As already mentioned, a standard strategy to construct (non-abelian) free subgroups in $T$ or $V$ is to play ping-pong on the Cantor space. Just for fun, I would like to describe another point of view.

A topological interpretation of $T$ I really like is the following. Let $T_3$ denote the $3$-regular tree $T_3$, thought of as drawned on the plane (such that its vertex-set is discrete), and let $\mathscr{S}$ denote the ribbon surface obtained by thickening it. For each edge of $T_3$, fix a transverse arc in $\mathscr{S}$ with its endpoints on the boundary of $\mathscr{S}$. This collection of arcs decomposes $\mathscr{S}$ as a union of hexagons. We refer to a homeomorphism of $\mathscr{S}$ which sends all but finitely many hexagons to hexagons as an asymptotically rigid homeomorphism. enter image description here

Theorem. The asymptotically rigid mapping class group $$\{ \text{orientation-preserving asymptotically rigid homeomorphisms of $\mathscr{S}$} \}/ \text{isotopy}$$ is isomorphic to the Ptolemy-Thompson group $T$.

See for instance Section 1.3 in Kapoudjian and Funar's article The braided Ptolemy-Thompson group is finitely presented (and references therein).

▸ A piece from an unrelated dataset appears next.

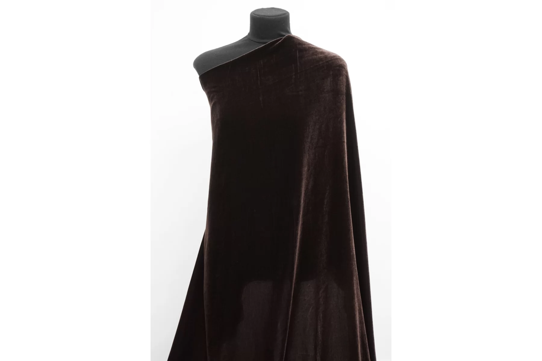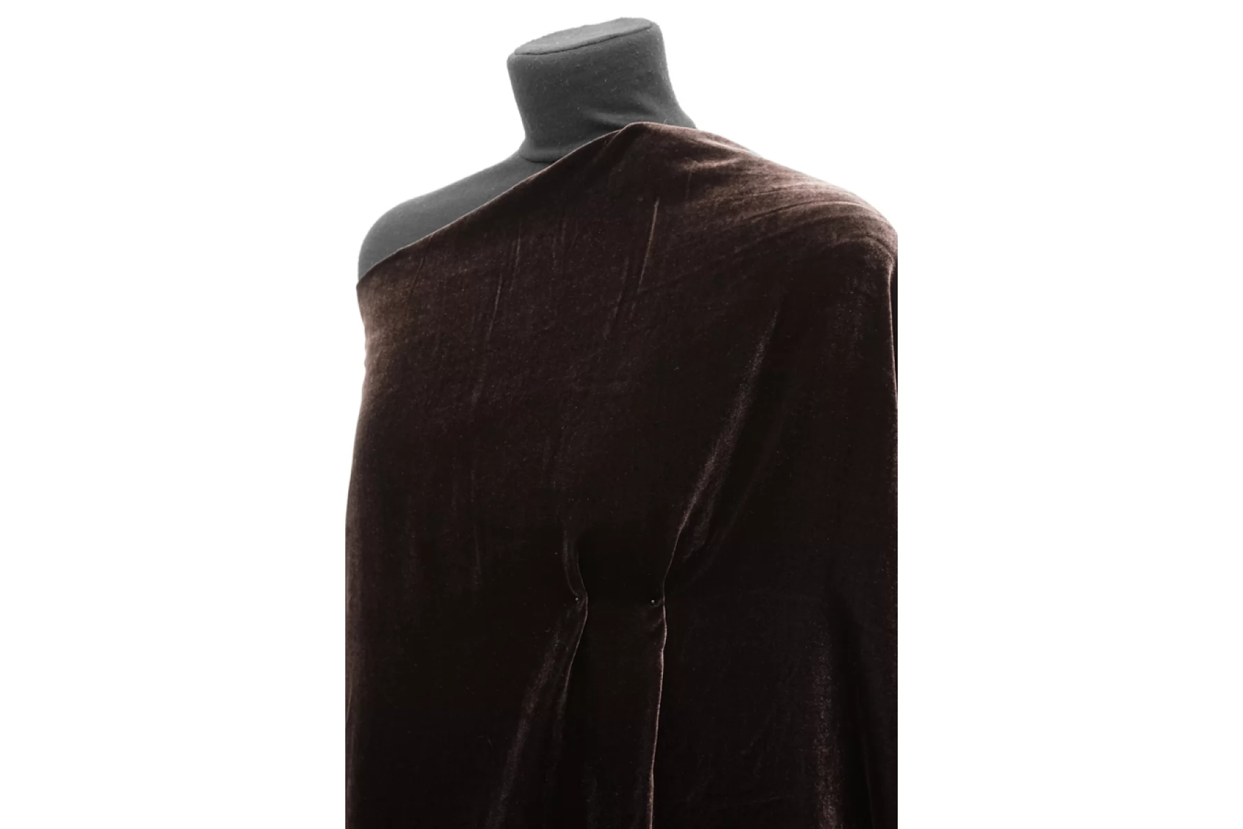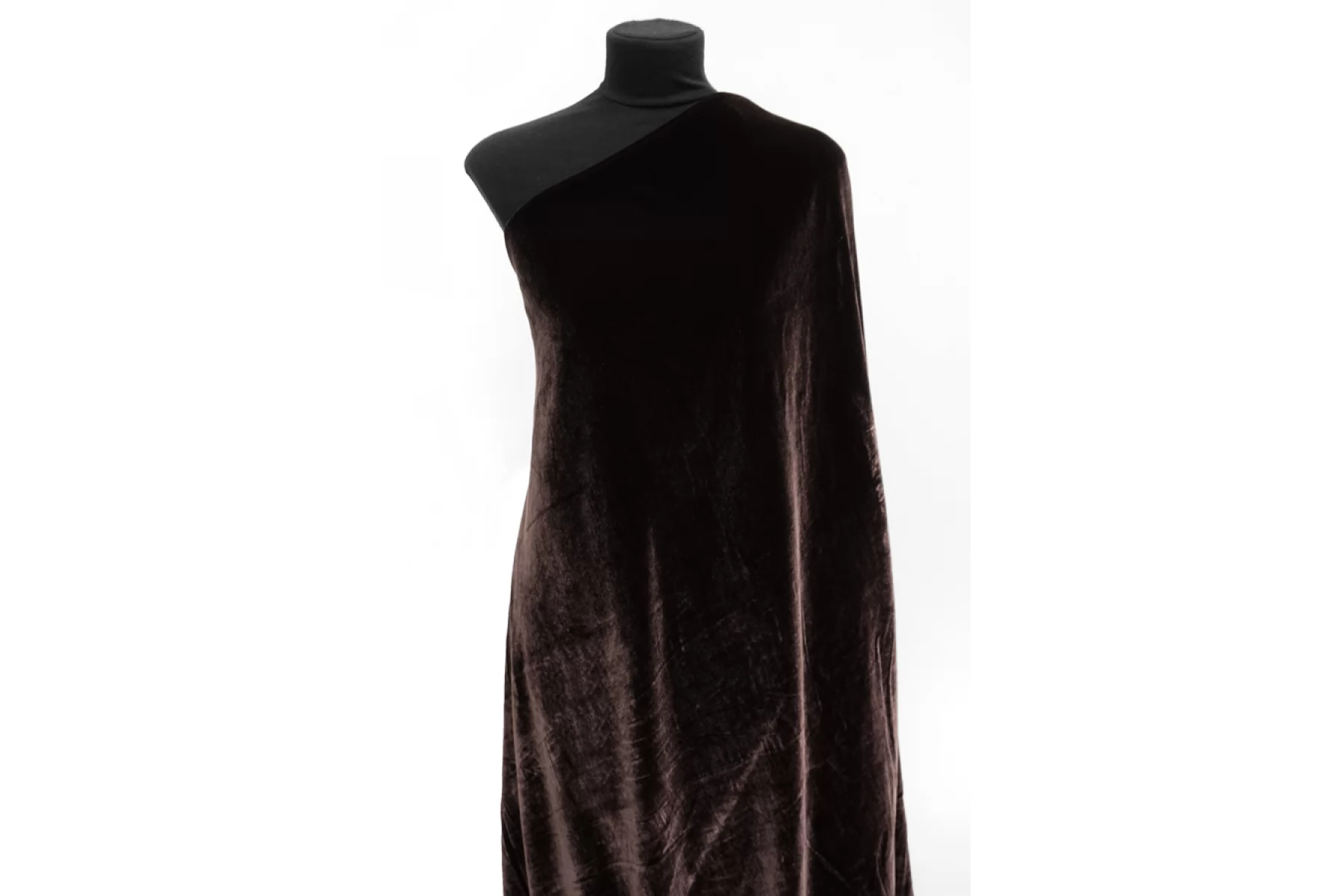 Шикарный вискозный бархат на шелковой основе в оттенке горького шоколада. Ворс достаточно короткий, а сам материал тонкий, но пластичный. Тактильно приятный, мягкий. Немного просвечивает силуэт на просвет. Красиво выглядит в драпировках и обладает прекрасным лоском. Не тянется. Подойдет на платья, юбки, мягкие жакеты и не только. При необходимости используйте подкладочный материал. Уход деликатный.

Some isometries of $T_3$ induce asymptotically rigid homeomorphisms of $\mathscr{S}$. For instance, the rotation $\alpha$ of order $3$ around a vertex (say $v$) and the rotation $\beta$ of order $2$ around the middle point of an edge (having $v$ as one of its endpoints). Clearly, the subgroup $\langle \alpha, \beta \rangle$ acts on the subdivision of $T_3$ with a single orbit of edges and with trivial edge-stabilisers. It follows that $$\langle \alpha, \beta \rangle = \langle \alpha \rangle \ast \langle \beta \rangle \simeq \mathbb{Z}/2 \mathbb{Z} \ast \mathbb{Z} /3 \mathbb{Z}.$$ Consequently, $T$ contains a non-elementary free product (and a fortiori a non-abelian free subgroup).